Met Henry this morning at the South side of 3 Mile Bridge. 

I was running late. Henry was already on the water when I got there. 

I decided to try for some live bait with the cast net before heading out to meet him. 3 throws netted +/- 50 finger mullet. So I loaded up and started peddling out to Henry. 

Water was very rough, felt like a washing machine with waves coming from all sides. After about 30 min, I finally made it to him. 

Henry had already hooked & lost 1 Bull Red at boatside before I got there. It was just the beginning... Henry put a finger mullet on a jig head and started casting & trolling just like with a Gulp. I put one on a bottom rig and started heading back twards the bridge. 

A few minutes later I turn around and Henry is bowed up with a nice Red. I headed over to take some pics. 

After seeing that fish, I decided to change my technique as well. I left the bottom rig out, put finger mullet on jig heads on the other 2 rods and started back for the bridge. I could see some bait breaking water up ahead, so I cast into the middle of it. Fish ON...Big Fish On... I'm fighting this one while trying to reel in the other 2 lines... too late. The bottom rig bows over about 30 sec after setting the hook on the 1st fish, then the other rod with the jig/finger mullte bows over as well. I had 3 bulls running 3 different directions and couldnt turn any of them. After 2 - 3 minutes of chaos, the bottom rig snaps off, then a few minutes later the other fish throws the hook. Now I'm down to a manageable fight. It lasted for at least 15 minutes and when I finally got him to the surface, he threw the hook as well. Fun fight, but frustrating to lose him after all of that. 

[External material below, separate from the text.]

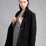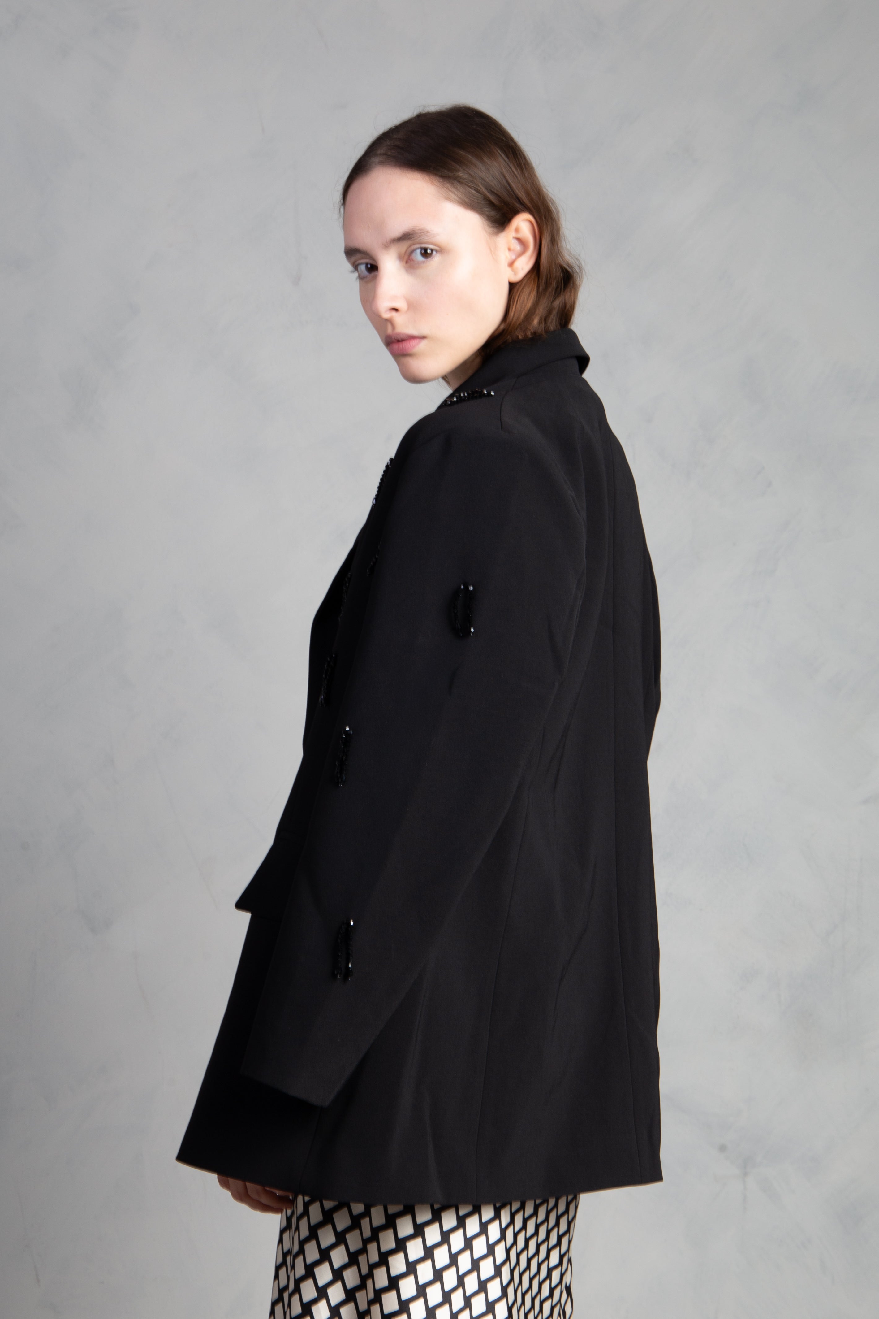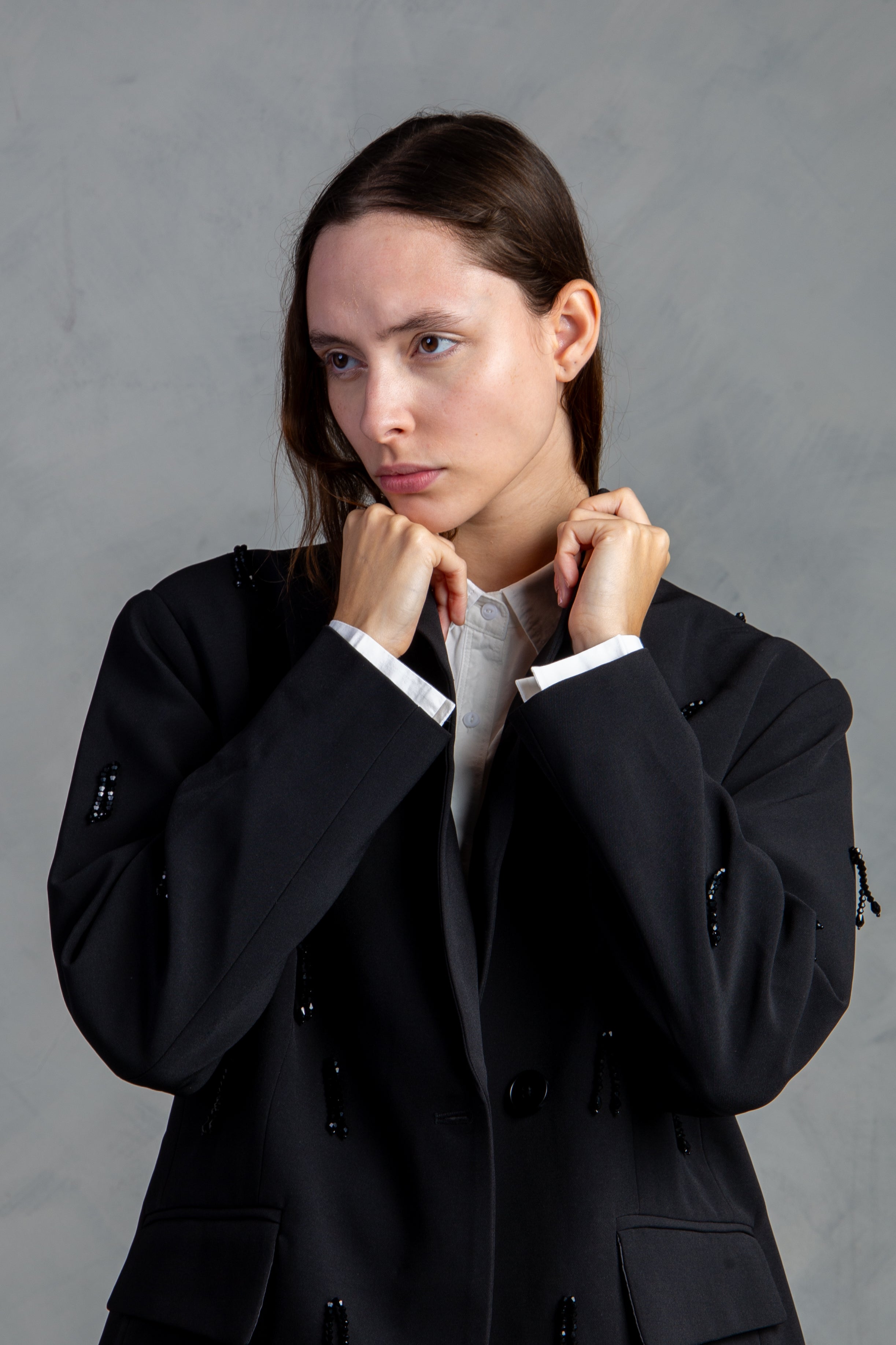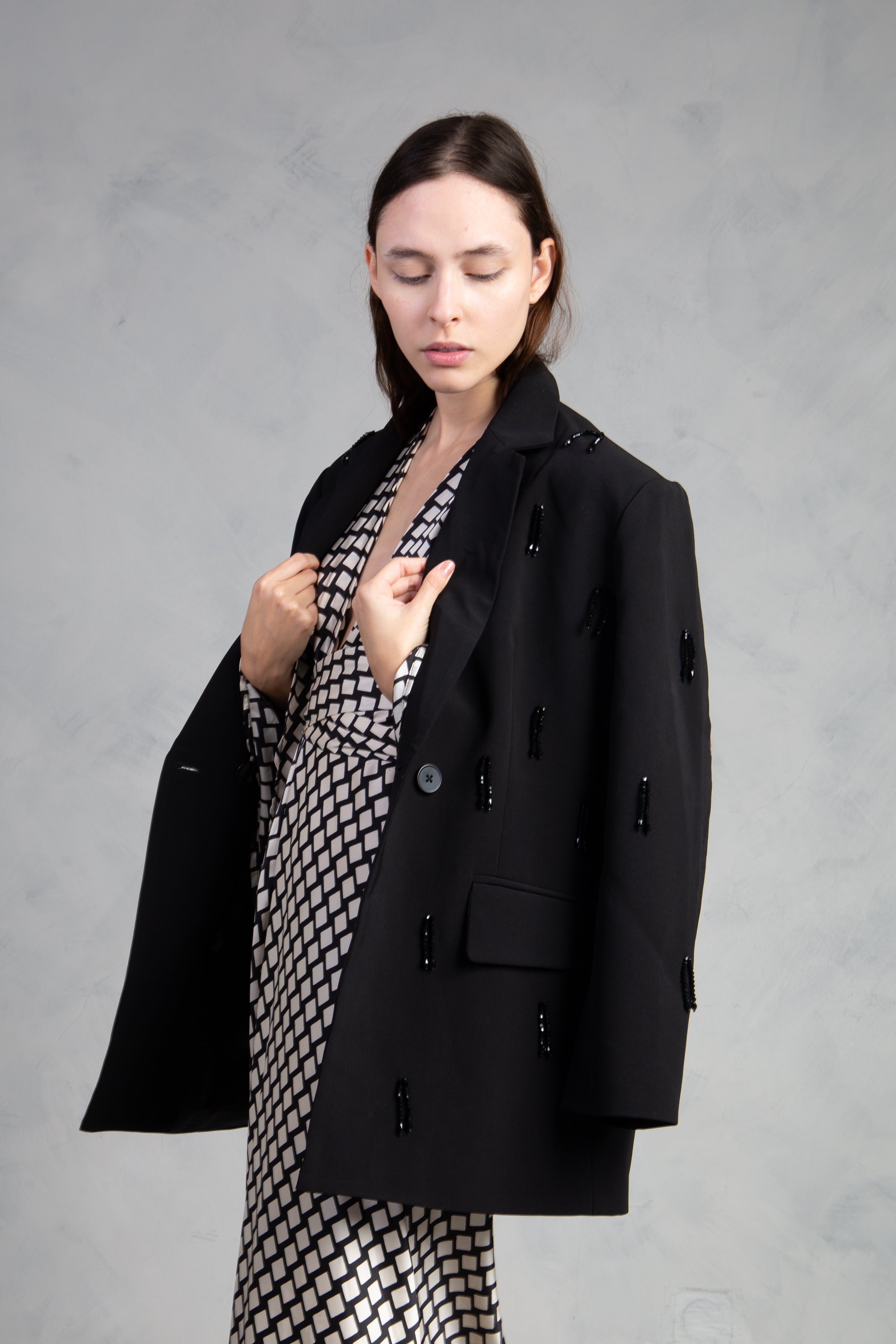 Blazer amplia de cuello solapa y manga larga con hombreras. Detalles frontales en piedras negras.

Henry came over to get into the action and after a 10 - 15 minute battle, he boated another fish. I'm starting to get jealous at this point. But it didnt take long to get back into the action. I started heading back twards the bridge when I look at the FF and the screen is Black with fish symbols. I threw out another mullet and as soon as it hit the water it was on again. 10 - 15 minutes later I finally gt him to the yak. 

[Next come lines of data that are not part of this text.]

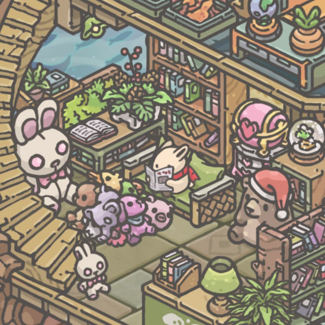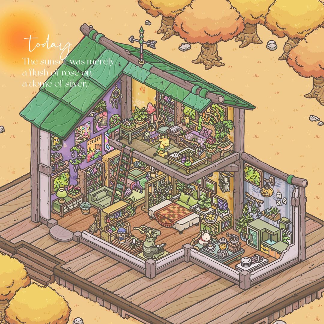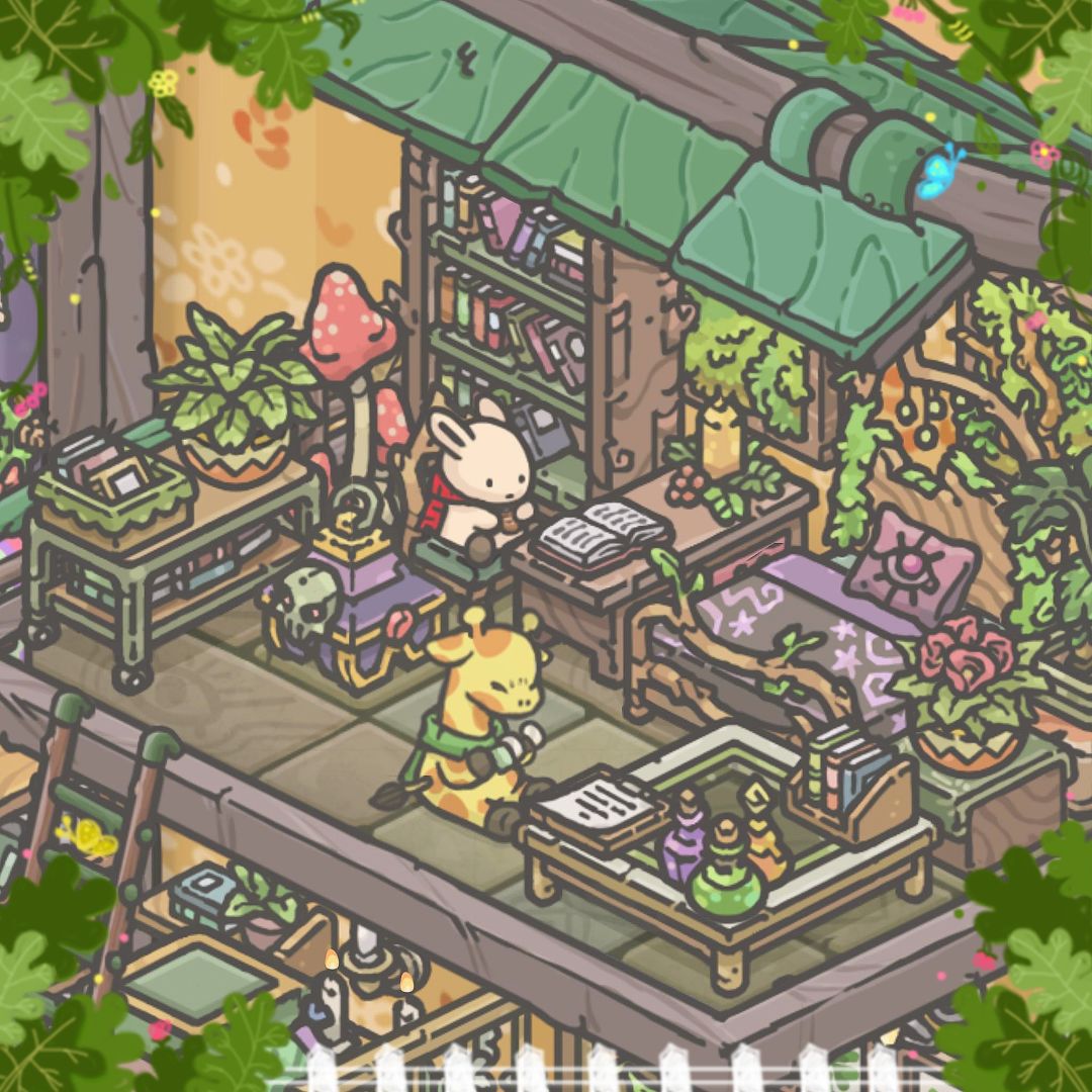很喜欢房间被堆满的感觉,每个角落都可以是一个小世界。兔兔的树屋比较混搭,无论是自然的山野丛林还是科幻的星际城市都让人无限向往,我的兔兔要从无垠海岸冒险到浩瀚宇宙啦~总之这是一只既痴迷魔法又崇尚科技的兔子🥰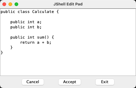 在jshell中也可以函数来封装操作,比如下面就是一个定义求和函数并调用它的例子: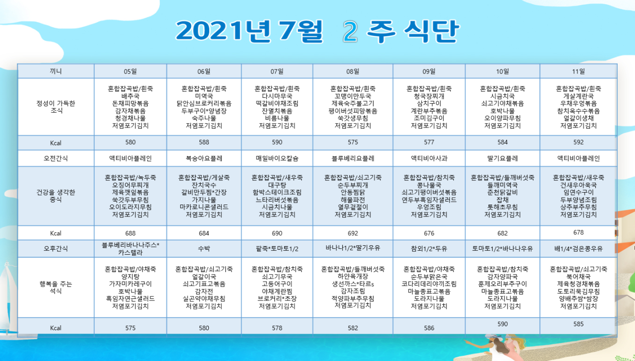 위례빌리지 [식단안내] 위례 빌리지 7월2주차 식단표 페이지 정보 작성자 KB 골든라이프케어 댓글 0건 조회 3,273회 작성일 21-07-02 14:08 목록 본문 목록 이전글[식단안내] 위례 케어센터 7월 2주차 식단표 21.07.02 다음글[프로그램 안내] 2021년 위례 케어센터 7월 프로그램 일정표 21.07.02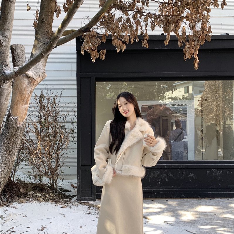 实拍实价~洋气鹿皮绒毛领冬季加厚名媛保暖夹棉外套+半身裙套装 - 浅栗社

A little while later, we saw the most amazing thing. Bait started breaking water again all around us and you could see the huge gold backs of the bulls breaking up out of the water chasing the bait. They were all around us. Needless to say, we both hooked up again on the 1st cast. 

The day continued like that for several hours. I think Henry caught 5 - 6 fish. I caught 4 and was broken off by a couple that I couldnt turn. 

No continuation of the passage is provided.